Under the terms of the reviewed bill, pensions will be able to meet the government’s requirements to invest in private assets through investment trusts in sectors such as private equity or infrastructure.

Richard Stone, chief executive of the Association of Investment Companies (AIC), said: “Common sense has prevailed”.

The AIC has been pushing for the inclusion of investment companies in this bill since July 2025, when it wrote to Treasury Minister Torsten Bell to urge amendments.

“Investment companies are a proven structure for investing in private assets in the UK,” Stone continued. “It’s common sense that investment companies should be considered a legitimate way of accessing these assets.”

The amendments will give pensions schemes confidence that any investment in trusts will contribute to the Mansion House commitments, Stone said.

See also: Industry welcomes chancellor’s ‘regulatory easing’ in Mansion House reforms

Imran Razvi, senior policy adviser of pensions and institutional markets at the Investment Association, was similarly positive.

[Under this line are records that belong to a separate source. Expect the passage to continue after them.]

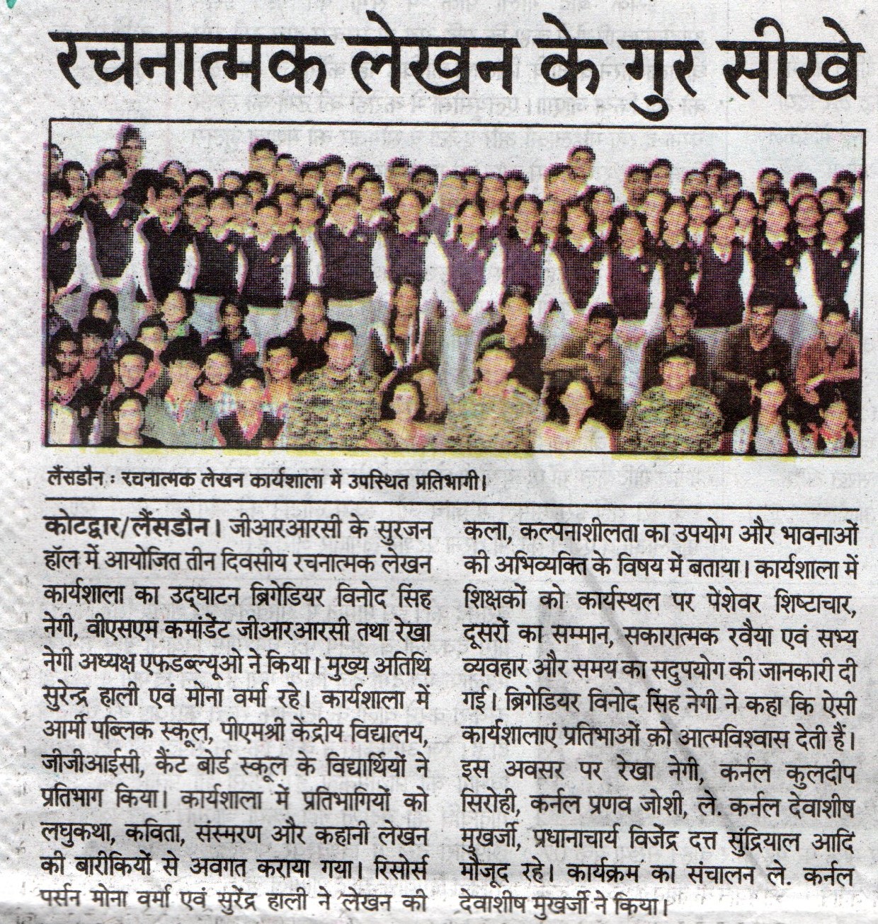 4) We are grateful to the hon'ble Chairman sir Brig Vinod Singh Negi, VSM Comdt GRRC for providing us an opportunity to be the part of such an enriching and informative workshop.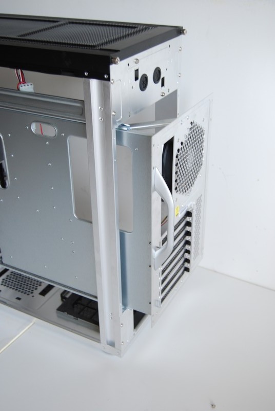 Molto interessante il piatto della motherboard che può essere estratto posteriormente dal case tramite due guide dotate di cuscinetti a sfera.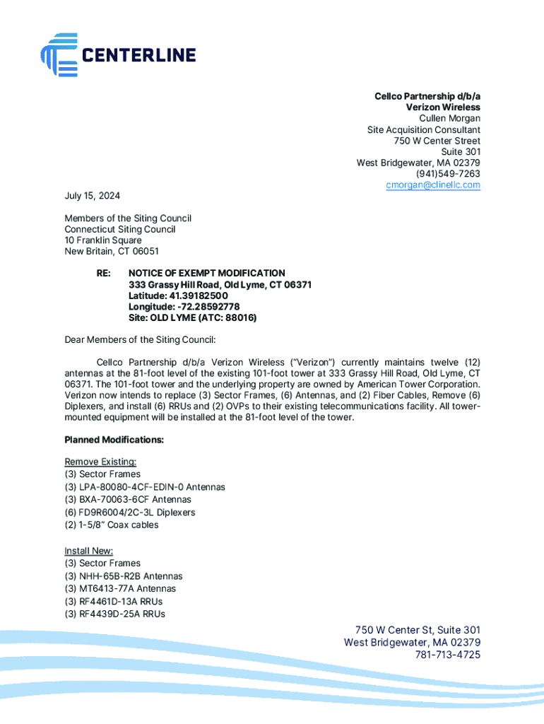 Cellco Partnership d/b/a Verizon Wireless Cullen Morgan Site Acquisition Consultant 750 W Center Street Suite 301 West Bridgewater, MA 02379 (941)5497263 cmorgan@clinellc.comJuly 15, 2024 Members

“The Pensions Scheme Bill is an important step in consolidating the UK’s pension system to help create sophisticated scale at UK pension schemes, improving their ability to deploy capital through enhanced scheme governance and investment processes.”

Claire Dwyer, head of investment companies at Fidelity International, described this as an “important” and “constructive” step for the UK.

“Giving pension schemes greater scope to invest through the [investment trust] structure should enhance choice, support member outcomes and add further breadth to the UK’s capital markets,” she said.

See also: Reigniting the relevance of investment trusts

The team at Peel Hunt agreed, with Anthony Leatham, head of investment companies research, describing this as a clear positive for investors and the sector.

While this may not result in an immediate increase in demand, it could raise incremental support and help narrow discounts, Leatham continued.

“If the legislation results in greater allocation to sectors such as private equity and infrastructure, investment companies provide an established, liquid route for pension schemes to access those assets,” he concluded.

Meanwhile, James Carthew, head of investment company research at QuotedData, noted it could lead to a significant change in how pensions invest.

“Why would a pension scheme invest in assets at asset value when it can secure a higher return for members by buying them at a discount,” he asked.

Nevertheless, while this was an important first step, some experts noted there is still more to be done.

For example, Louise Davey, head of policy and affairs at IGG, said the updated bill “still has clear remnants of mandation-led approach, which has no place in a healthy and fully functioning pension ecosystem”.

She was not the only expert to take note of this; Dr Yvonne Braun, director of long-term savings policy at ABI, added: “We remain concerned that the Bill includes a reserve power to mandate how pension funds invest.”

The UK government should focus on “enabling, not directing investment” if it wants to create better outcomes for savers and pensions, according to IGG’s Davey.

To encourage more domestic investment, there needs to be increased emphasis on projects that will support the UK economy, while delivering returns to savers, she concluded.